● **ACTION ITEM**: Please set down only the lines below starting with the line with "ウチには、独立した洗面所があ" and going on through the line with "- Lớp mút trong", verbatim and without pictures.

● **SOURCE INFORMATION**:
————

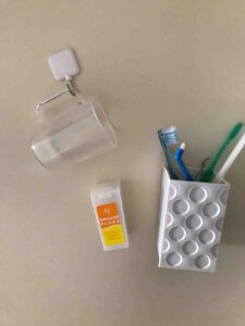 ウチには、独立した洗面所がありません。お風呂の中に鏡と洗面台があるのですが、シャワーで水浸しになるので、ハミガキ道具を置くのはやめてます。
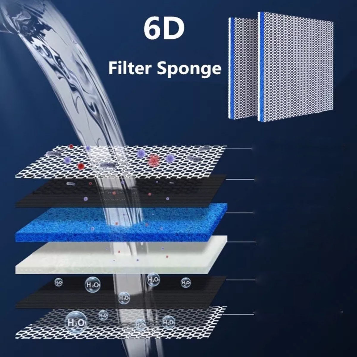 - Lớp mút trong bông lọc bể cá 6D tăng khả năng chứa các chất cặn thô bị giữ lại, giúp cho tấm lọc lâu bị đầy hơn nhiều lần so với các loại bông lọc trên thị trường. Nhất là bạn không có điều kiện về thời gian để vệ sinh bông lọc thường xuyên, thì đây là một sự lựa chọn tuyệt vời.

————

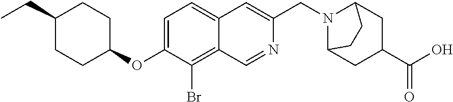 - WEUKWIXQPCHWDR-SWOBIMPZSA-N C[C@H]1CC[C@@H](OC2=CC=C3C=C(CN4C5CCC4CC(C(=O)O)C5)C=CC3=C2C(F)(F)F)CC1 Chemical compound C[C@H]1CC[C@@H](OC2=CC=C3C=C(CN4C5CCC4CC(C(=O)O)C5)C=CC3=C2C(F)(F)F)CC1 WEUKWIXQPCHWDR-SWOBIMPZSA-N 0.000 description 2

————

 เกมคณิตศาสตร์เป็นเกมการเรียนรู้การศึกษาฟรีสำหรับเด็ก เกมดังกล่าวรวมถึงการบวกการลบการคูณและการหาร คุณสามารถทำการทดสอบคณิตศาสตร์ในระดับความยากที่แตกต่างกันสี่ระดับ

————

● **EXERCISE OUTPUT**:
 ウチには、独立した洗面所がありません。お風呂の中に鏡と洗面台があるのですが、シャワーで水浸しになるので、ハミガキ道具を置くのはやめてます。
 - Lớp mút trong bông lọc bể cá 6D tăng khả năng chứa các chất cặn thô bị giữ lại, giúp cho tấm lọc lâu bị đầy hơn nhiều lần so với các loại bông lọc trên thị trường. Nhất là bạn không có điều kiện về thời gian để vệ sinh bông lọc thường xuyên, thì đây là một sự lựa chọn tuyệt vời.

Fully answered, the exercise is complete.